What this is
Open-ended schemes from 45+ AMCs, chosen for you based on your risk profile, time horizon and tax situation — not on commission incentives. Every fund we recommend is researched in-house and reviewed annually for fit.
- Equity, Hybrid, Debt and Index funds across every SEBI category
- Goal-tagged SIPs that map to retirement, education, home, marriage
- Annual portfolio review with rebalancing recommendations
- Tax-efficient withdrawals at goal time (LTCG harvesting, STP into debt)
- Regular Plans only — backed by a continuous advisor relationship
FAQ
- What's the minimum SIP amount?
- Most schemes start at ₹100–500 per month. Some specialised categories require ₹1,000+.
- How are you compensated?
- AMCs pay us a trail commission embedded in the expense ratio of Regular Plans. We don't charge you separately.
- Why Regular Plans and not Direct Plans?

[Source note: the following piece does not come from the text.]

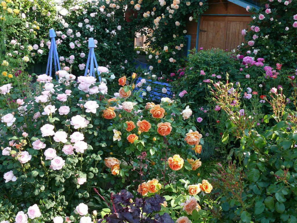 青の色が満開の薔薇たちを一層引き立てていますね。後ろの小屋の青の部分の色もご自分で調合されたのですか?

- Direct Plans are for DIY investors who want zero advisor involvement. Regular Plans bundle the advisory cost into the expense ratio — small in absolute terms, but covers your full review-and-rebalance relationship with us.
- Can I switch funds anytime?
- Yes — open-ended schemes allow redemption on any business day, subject to exit load and tax implications.